New Zealand humour bears some similarities to the body of humour of many other English-speaking countries. There are, however, several regional differences.

The New Zealand experience 
New Zealand is a country that is isolated from much of the rest of the world geographically, culturally, socially and gastronomically. New Zealanders are predominantly of European ancestry, although there exists a notable number of Asians and Polynesians, including indigenous Māori. It is perhaps not surprising that these two situations lead to a humour that often has as a basis the newcomer trying to assimilate themselves with the new country. The intermingled strands of Māori, British, mainland European, Polynesian, and Asian that have made the country their home each look at the land and each other in a different way, and these differences are often the focal point of humour. Comedians from minority groups (such as Raybon Kan and Jacob Rajan) often use these differences in their routines.

New Zealand's remote and agricultural nature is also a regular comedy catalyst, especially the well-known ratio between people and sheep in the country. The pioneering, backwoods spirit is also commonly used in comedy, as in the stereotypical farmer, Fred Dagg, and the yarns spun by New Zealand writer Barry Crump. Urban/suburban themes were explored by Ginette McDonald with her Lynn of Tawa persona.

The trans-Tasman rivalry 
Australians are the butt of Kiwi humour (and vice versa) — even at the highest diplomatic level. During the 1980s, then–Prime Minister of New Zealand Rob Muldoon was asked about the increasing exodus of New Zealanders leaving the country to work in Australia. His comment was that by doing so, they were raising the average IQ of both countries. The joke derives from the Will Rogers phenomenon.

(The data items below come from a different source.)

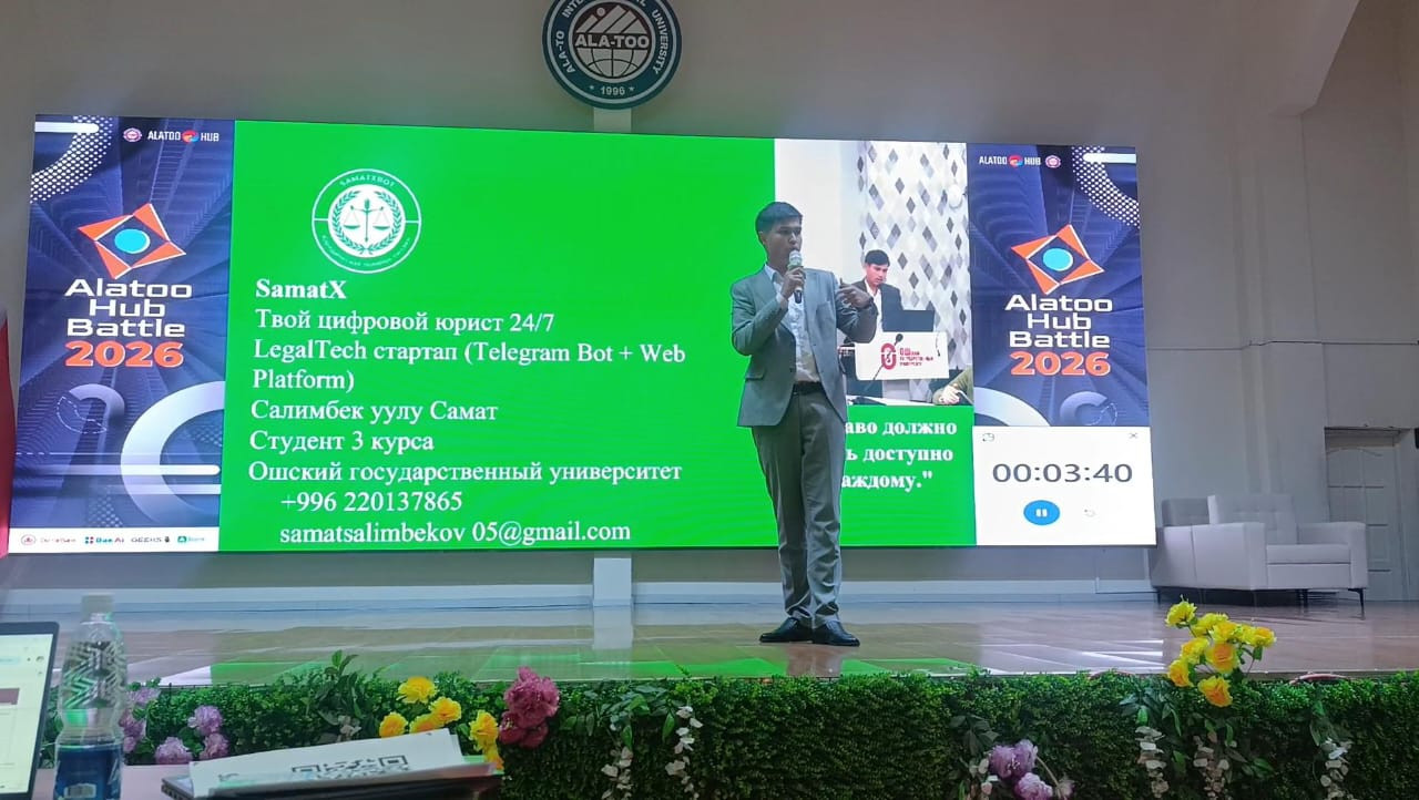 Alatoo Hub Battle 2026 öğrenci startup şampiyonası 8 Nisan’da Uluslararası Ala-Too Üniversitesi’nde düzenlendi. Şampiyonaya 100’den fazla proje katıldı ve en iyi 20 takım finale yükseldi.
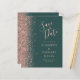 El borde izquierdo de esta elegante y moderna boda, salvo la tarjeta de fecha, incluye un rosa de purpurina de imitación de oro. El texto del personalizable combina la escritura de color dorado subió pálido, la copperplate y las letras cursivas sobre un fondo verde oscuro. El reverso presenta un diseño a juego de color verde oscuro y oro rosa.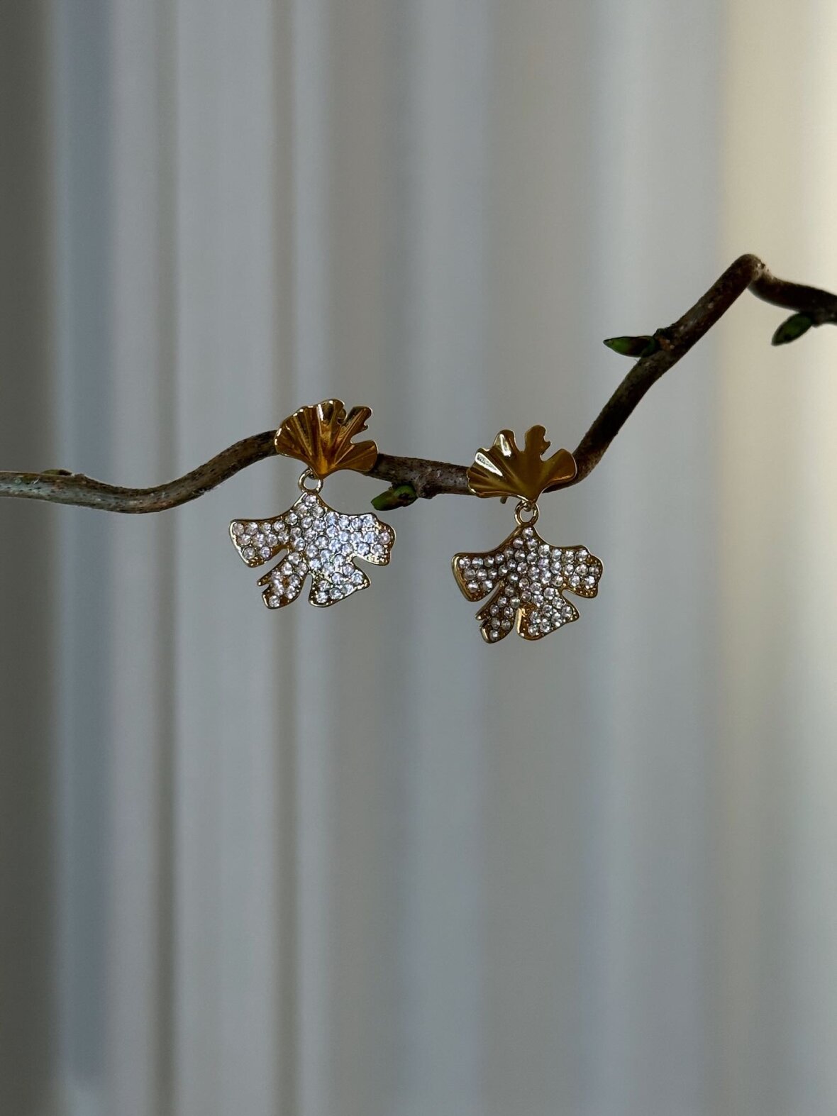 Elegante guldbelagte øreringe formet som blade med funklende klare krystaller. Det feminine og eksklusive design giver et luksuriøst touch til både hverdag og fest. Perfekte til at løfte ethvert Buch Copenhagen outfit med glamour, glød og raffineret detalje.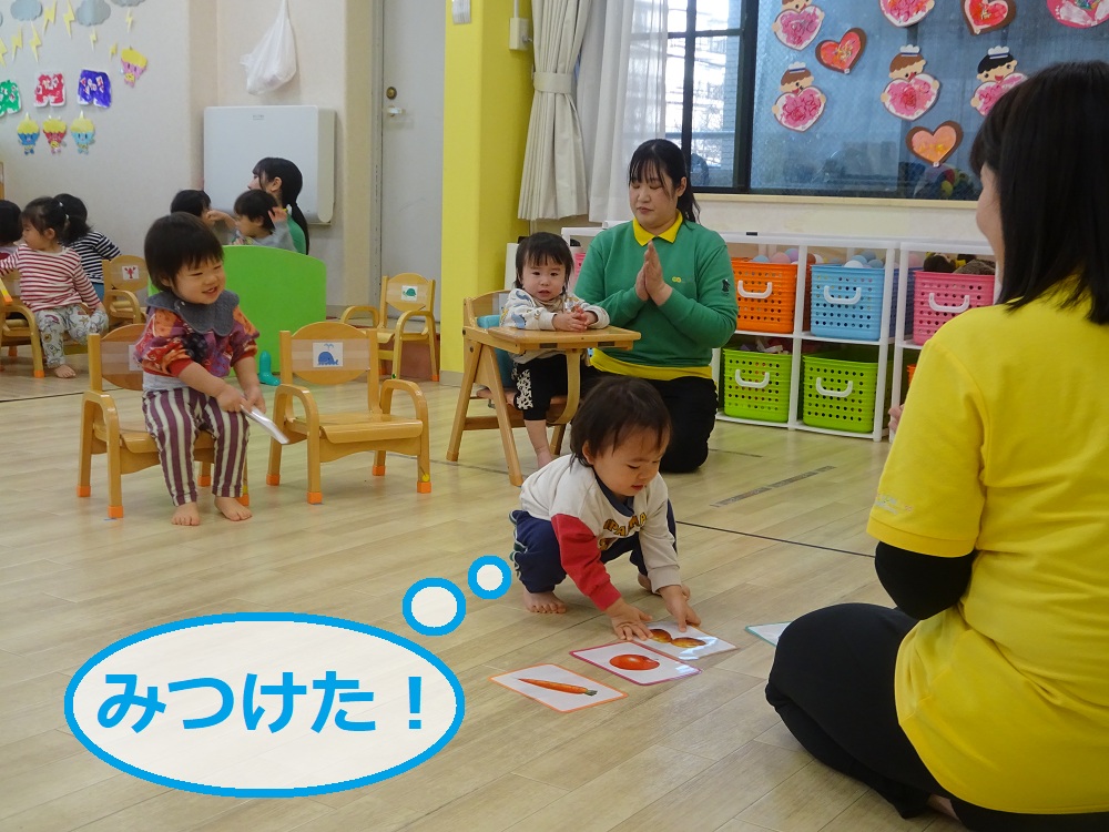 「じゃがいもはどれかな~?」と食べ物当てをしています。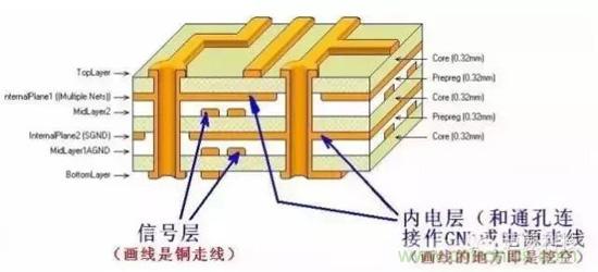 通常簡(jiǎn)稱(chēng)為內(nèi)電層,僅在多層板中出現(xiàn),PCB板層數(shù)一般是指信號(hào)層和內(nèi)電層相加的總和數(shù)。與信號(hào)層相同,內(nèi)電層與內(nèi)電層之間、內(nèi)電層與信號(hào)層之間可通過(guò)通孔、盲孔和埋孔實(shí)現(xiàn)互相連接。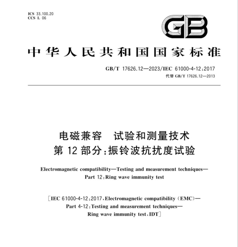 GB/T17626.12-2013IEC 61000-4-12:2006《電磁兼容 試驗和測量技術 振鈴波抗擾度試驗》在眾多電磁兼容測試項目中,振鈴波抗擾度試驗是評估電子設備抵抗電磁干擾能力的重要一環。振鈴波抗擾度試驗是指在電磁環境中,電子設備能否正常工作而不受外界振鈴波的干擾。振鈴波是一種高頻脈沖信號,具有很高的幅度和較窄的脈沖寬度,能夠對電子設備產生較大的干擾。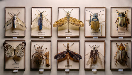 Vividly colored insect specimens in shadow boxes, highlighting their unique features.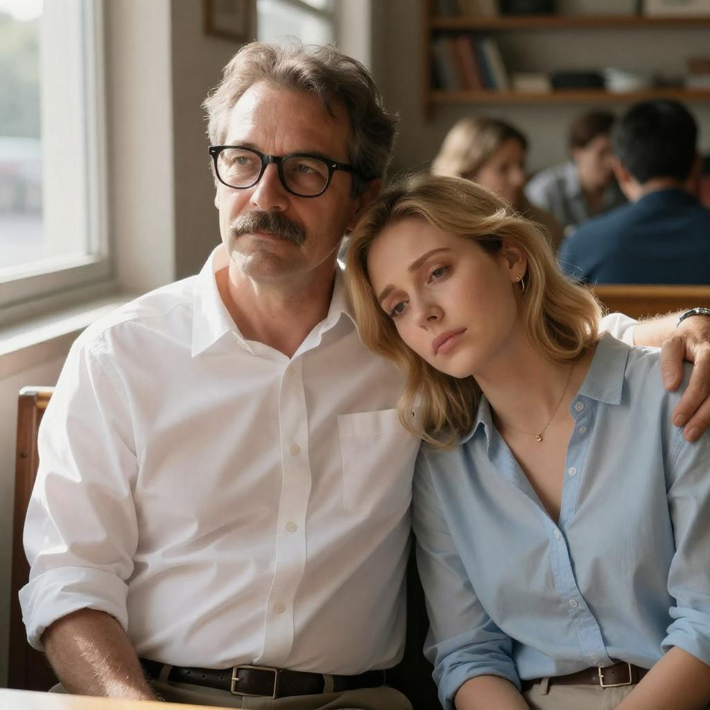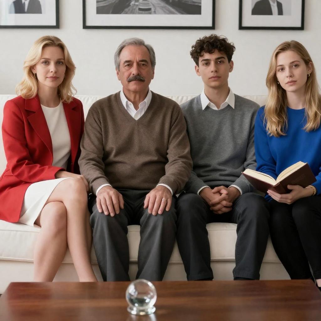 Photograph of four people sitting on a white couch. Blonde woman in red coat, white dress, crossed legs. Middle-aged man with mustache, brown sweater over white shirt, hands on lap. Young man in gray sweater over white shirt, hands on lap. Young blonde woman in blue top, black pants, reading book. Dark wood desk in foreground with glass paperweight. Framed pictures on wall behind. All have neutral facial expressions.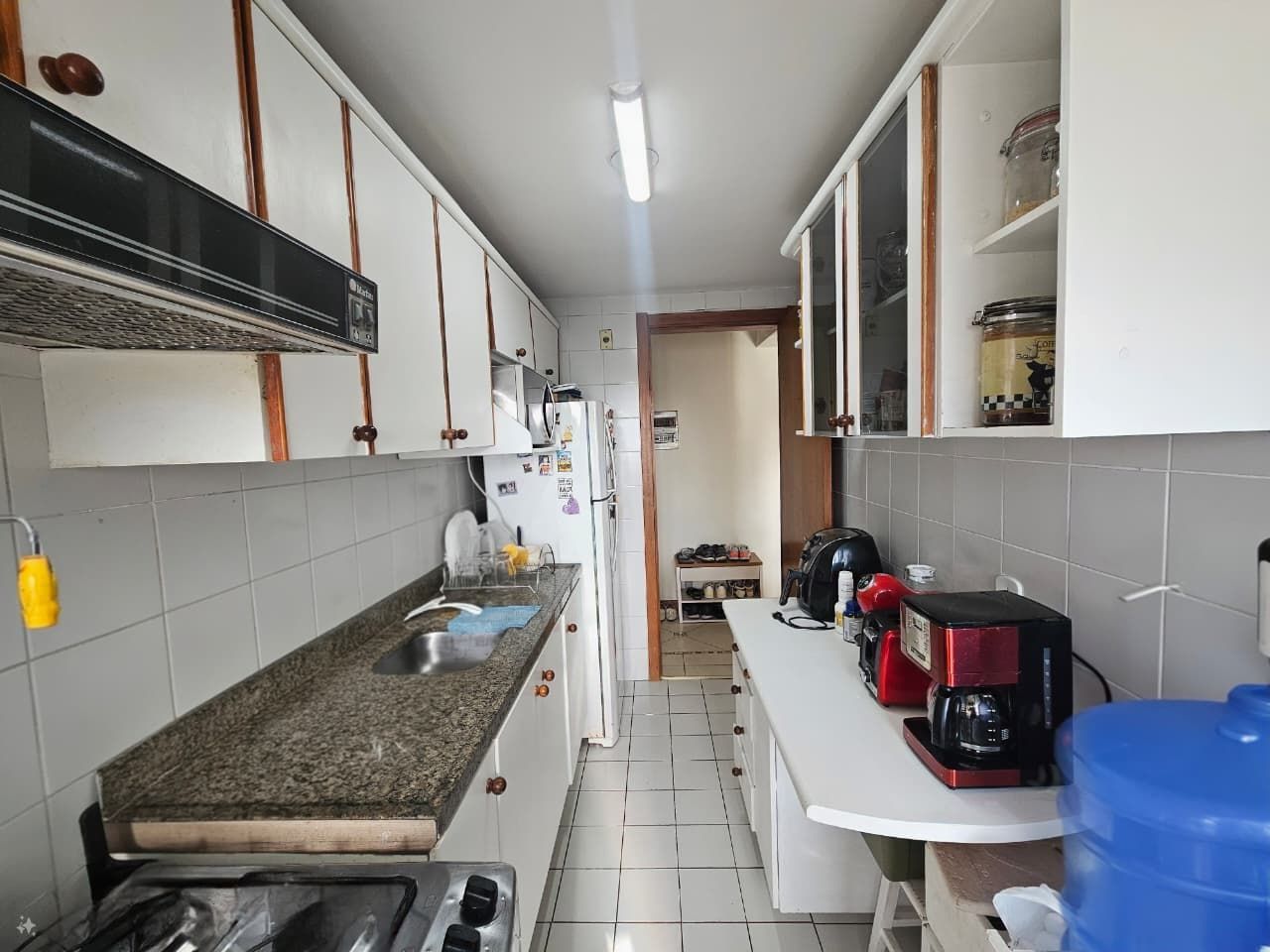 Amplo living em "L" para 3 ambientes, sacada com churrasqueira com acesso pela sala ou pela cozinha que já está mobiliada. Área de serviço separada. Banheiro social com ventilação direta e 1 vaga de garagem coberta e escriturada.

In general terms, Australians are stereotyped in New Zealand humour as being brash, boorish and lazy. New Zealanders, in return, are seen by Australians as being behind the times and mocked as "South Seas Poms" on account of their supposedly closer ties with Britain ('Pom' is a slang word for 'British person', which is used by New Zealanders and Australians).

Sheep jokes
There are a large number of (mainly crude) sheep jokes. As befitting the trans-Tasman rivalry, Australians tell said jokes about New Zealanders, and New Zealanders tell them about Australians. In the UK on the other hand sheep jokes are usually reserved for the Welsh, or within Scotland in reference to people from Aberdeen.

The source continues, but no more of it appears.